UX Designer (embedded within the client’s in-house product team via agency collaboration)
Collaborated with product managers, AI engineers, UX researchers, UI designers, and agency stakeholders
I worked as a UX Designer embedded inside the product team of a leading productivity platform through an agency partnership. Our goal was to integrate AI-powered writing and editing features directly into the existing platform, without disrupting users’ established workflows. The challenge was balancing innovation with usability: introducing AI without overwhelming users unfamiliar with AI tools or adding cognitive load to core tasks. Through early research with users including students, entrepreneurs, and content creators, we uncovered key pain points around trust, discoverability, and uncertainty about what AI could do. Our approach focused on designing intuitive, contextual entry points for AI that felt natural within users’ existing writing flows. We followed an iterative design process, continuously validating concepts with users while navigating constraints like launch timelines, AI model limitations, and data privacy requirements. Success was defined by achieving high discoverability and adoption of AI features without increasing user confusion or support burden. Metrics included AI feature adoption, task success rates, and qualitative satisfaction from usability testing.
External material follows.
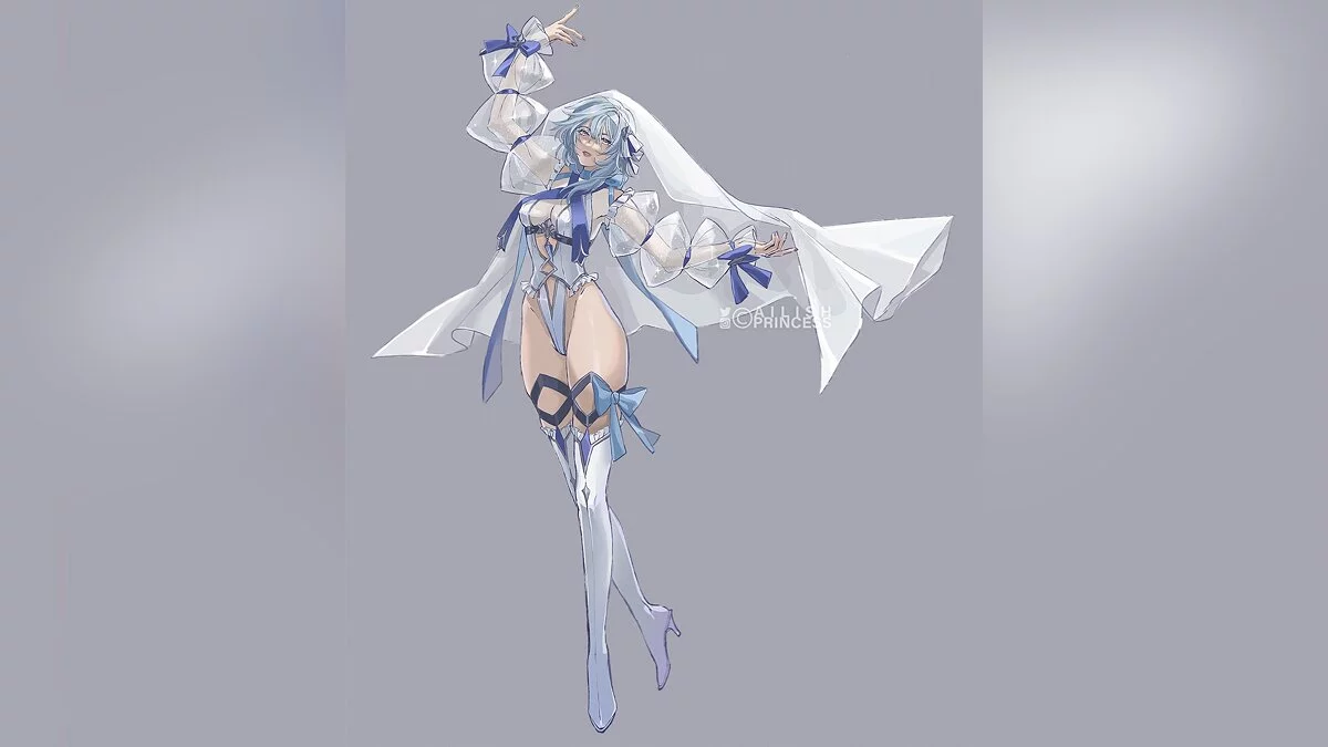 Продолжаем знакомиться с косплеем PeachMilky, очаровательной феи из Токио. На этот раз девушка перевоплотилась в Эолу, аристократки с нежно-голубыми волосами из Genshin Impact. Героине посвятили аж два разных наряда: в классическом и «свадебном» костюмах, последний нарисовала художница @princess_ailish.

We conducted interviews and surveys with over 400 users to understand mental models and expectations for AI-assisted writing. A key insight was that users wanted clear guidance on what AI could do, rather than an open-ended prompt. Based on these insights, we explored different ways to invoke AI—initially testing a persistent AI sidebar, which users found distracting. Through iterative usability testing, we arrived at a lightweight inline trigger and a global AI command palette, allowing users to summon AI help contextually without clutter. Across three rounds of usability testing, we refined designs by adding suggested prompts, clearer undo options, and feedback mechanisms for AI output confidence. Each iteration improved user outcomes: discoverability of the AI trigger increased from 60 percent to 100 percent, and task success rates rose from 70 percent to 92 percent. Collaboration with AI engineers ensured technical feasibility while preserving user experience priorities.
The final design delivered a seamless AI experience through contextual triggers and guided prompts, validated by measurable gains in discoverability, usability, and user confidence. Post-launch, the AI feature achieved over 50 percent adoption among beta users in the first month, with lower-than-expected support tickets. Deliverables included a high-fidelity prototype, annotated interaction guidelines, a research findings report, and a tailored set of UX principles for AI interaction. This project reinforced my belief in progressive disclosure and iterative, evidence-driven design when introducing complex technologies into familiar user environments.